Determination Of Cyanide In Blood Research Articles

Determination of Cyanide in Blood for Forensic Toxicology Purposes-A Novel Nci Gc-Ms/Ms Technique.

One of the recently evolving methods for cyanide determination in body fluids is GC-MS, following extractive alkylation with pentafluorobenzyl bromide or pentafluorobenzyl p-toluenesulfonate. The aim of this study was to improve previous GC methods by utilizing a triple quadrupole mass spectrometer, which could enhance selectivity and sensitivity allowing for the reliable confirmation of cyanide exposure in toxicological studies. Another purpose of this study was to facilitate a case investigation including a determination of cyanide in blood and to use the obtained data to confirm the ingestion of a substance, found together with a human corpse at the forensic scene. The blood samples were prepared following extractive alkylation with a phase transfer catalyst tetrabutylammonium sulfate and the PFB-Br derivatization agent. Optimal parameters for detection, including ionization type and multiple reaction monitoring (MRM) transitions had been investigated and then selected. The validation parameters for the above method were as follows—linear regression R2 = 0.9997 in the range of 0.1 µg/mL to 10 µg/mL; LOD = 24 ng/mL; LOQ = 80 ng/mL and an average recovery of extraction of 98%. Our study demonstrates the first attempt of cyanide determination in blood with gas chromatography-tandem mass spectrometry. The established method could be applied in forensic studies due to MS/MS confirmation of organic cyanide derivative and low matrix interferences owning to utilizing negative chemical ionization.

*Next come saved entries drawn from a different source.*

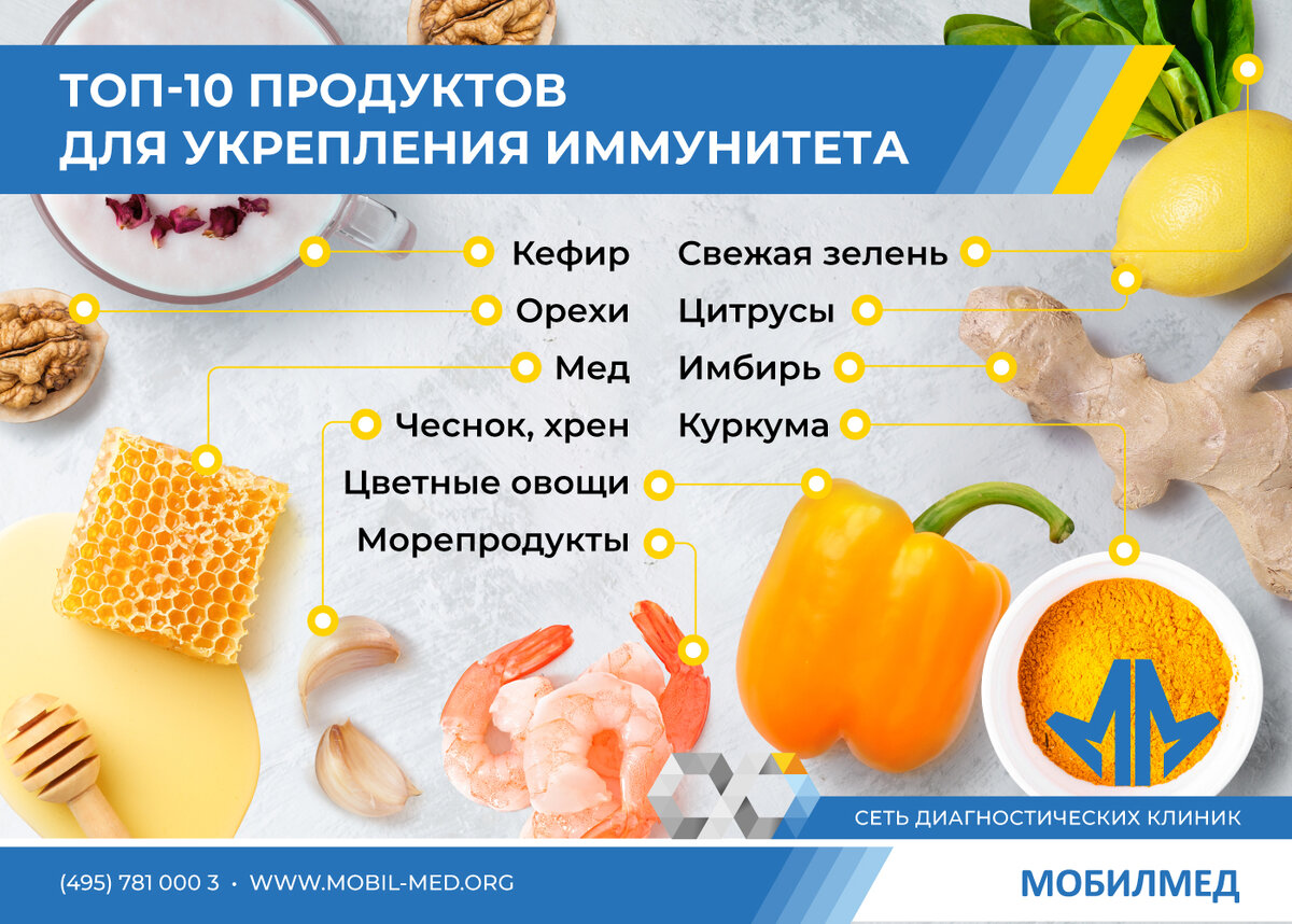 Все знают - сбалансированное питание является важнейшим фактором здорового образа жизни. Сегодня мы расскажем какие продукты стоит включить в свой рацион для укрепления иммунитета и почему. Кефир Кисломолочная продукция положительно влияет на органы ЖКТ. А как мы знаем микрофлора и иммунитет связаны самым тесным образом - почти 80% всех иммунных клеток несут свой дозор именно здесь. Поэтому пробиотики очень важны для поддержания нормальной микрофлоры. Орехи Миндаль богат витамином Е, который является антиоксидантом. В кедровых много цинка. Фундук снижает риск воспалительных процессов. Мед Пчелиный мед содержит магний, кальций, железо, витамины С и В, которые в совокупности улучшают пищеварение и оказывают противовоспалительное действие. Чеснок, хрен Чеснок и хрен богаты фитонцидами - активными веществами, убивающими бактерии или подавляющими их рост. Цветные овощи Цвет овощам придают наличие тех или иных элементов, поэтому сделав салат из разноцветных овощей вы можете быть уверены, что
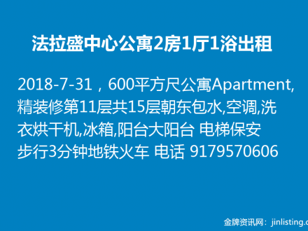 法拉盛中心公寓2房1厅1浴出租 电话 9179570606
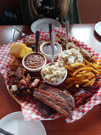 Ā Ā Ā Read moreWe stopped in here recently for the first time to give it a try and had a pretty good experience. The atmosphere in the restaurant was great and the music choices were top-notch, but it was extremely loud and we had to half-shout across the table just to be able to hear each other over it. The service was friendly and helpful, if a little under-attentive. For a place that does sit-down service, it struck me as a little weird to be told to go refill my own drink if I wanted a top up. The food was okay. We absolutely loved the smoked sausage, chicken, and pulled pork, but the brisket - while flavorful, was dry, the ribs were a little under-seasoned, and the burnt ends were also super dry and chewy. The pit beans needed seasoning and a little more sweetness, the cornbread was on the dry side, and the coleslaw was average, but the potato salad was really good. The saving grace was the barbecue sauce, which was the perfect blend of sweet and smoky and tangy and really elevated the meats that were on the dry and bland side. All in all, we'd be willing to give it a second chance, maybe try some of the other menu items. It's worth giving this place a shot if you're a big...
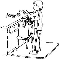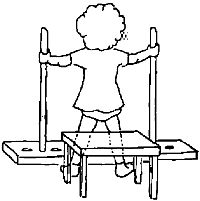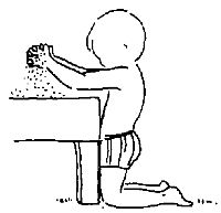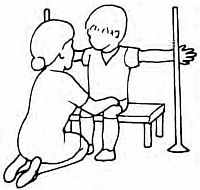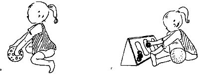 Рис. 13.17. Сочетание хватательных движений рук с другими движениями. Палки вставлены в отверстия по краям доски. Упражнение требует полного разгибания рук. В конце концов палки должны быть вставлены в отверстия доски, которая лежит перед ребенком. Опираясь на палки, ребенок должен вставать и садиться. Кроме того, можно использовать упражнения для рук (рис. 13.16). Доска с отверстиями нужна вначале, поскольку она обеспечивает устойчивость. Когда ребенок сможет ходить, опираясь на палки, доску убирают.
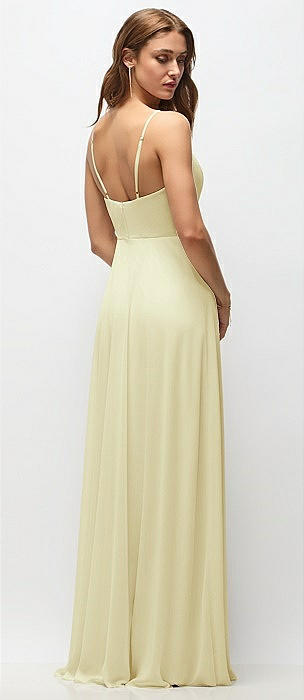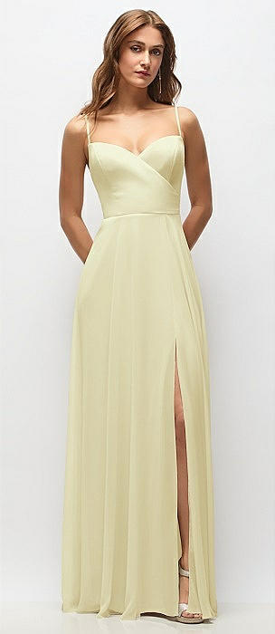 Wrap Bodice Chiffon Maxi Dress with Adjustable Spaghetti Straps in butter yellow
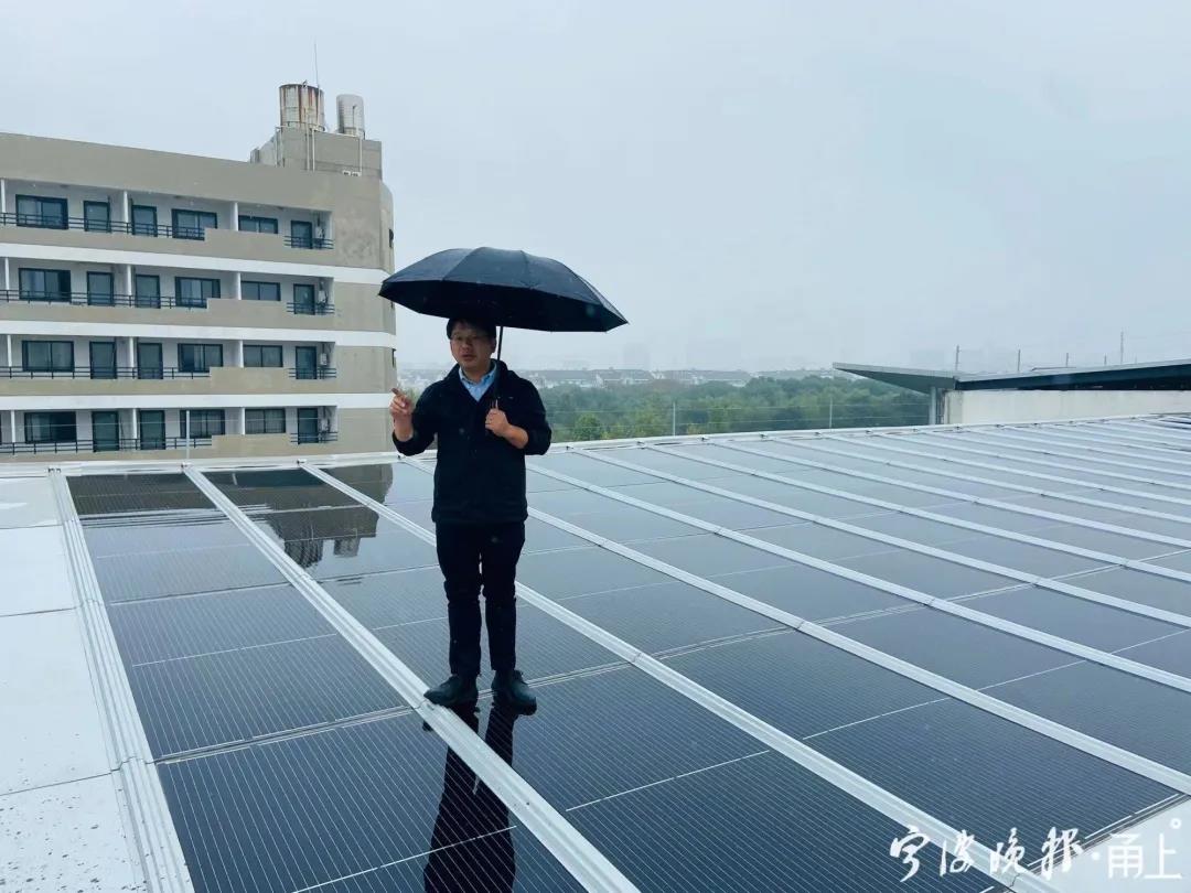 一个下雨天,记者爬上了浙大宁波理工学院机电与能源工程学院通用实验楼的顶层。以前大楼建造时的露台“留白”,现在撑起了整片的光伏屋顶。尽管外面风急雨斜,但走进光伏屋顶下,只听见一旁的雨水集纳管道汩汩奔涌,地面干爽,没有一滴雨水落下。

Rapid point of care analyzer for the measurement of cyanide in blood.

A simple, sensitive optical analyzer for the rapid determination of cyanide in blood in point of care applications is described. HCN is liberated by the addition of 20% H(3)PO(4) and is absorbed by a paper filter impregnated with borate-buffered (pH 9.0) hydroxoaquocobinamide (hereinafter called cobinamide). Cobinamide on the filter changes color from orange (λ(max) = 510 nm) to violet (λ(max) = 583 nm) upon reaction with cyanide. This color change is monitored in the transmission mode by a light emitting diode (LED) with a 583 nm emission maximum and a photodiode detector. The observed rate of color change increases 10 times when the cobinamide solution for filter impregnation is prepared in borate-buffer rather than in water. The use of a second LED emitting at 653 nm and alternate pulsing of the LEDs improves the limit of detection by 4 times to ~0.5 μM for a 1 mL blood sample. Blood cyanide levels of imminent concern (≥10 μM) can be accurately measured in ~2 min. The response is proportional to the mass of cyanide in the sample: smaller sample volumes can be successfully used with proportionate change in the concentration LODs. Bubbling air through the blood-acid mixture was found effective for mixing of the acid with the sample and the liberation of HCN. A small amount of ethanol added to the top of the blood was found to be the most effective means to prevent frothing during aeration. The relative standard deviation (RSD) for repetitive determination of blood samples containing 9 μM CN was 1.09% (n = 5). The technique was compared blind with a standard microdiffusion-spectrophotometric method used for the determination of cyanide in rabbit blood. The results showed good correlation (slope 1.05, r(2) 0.9257); independent calibration standards were used.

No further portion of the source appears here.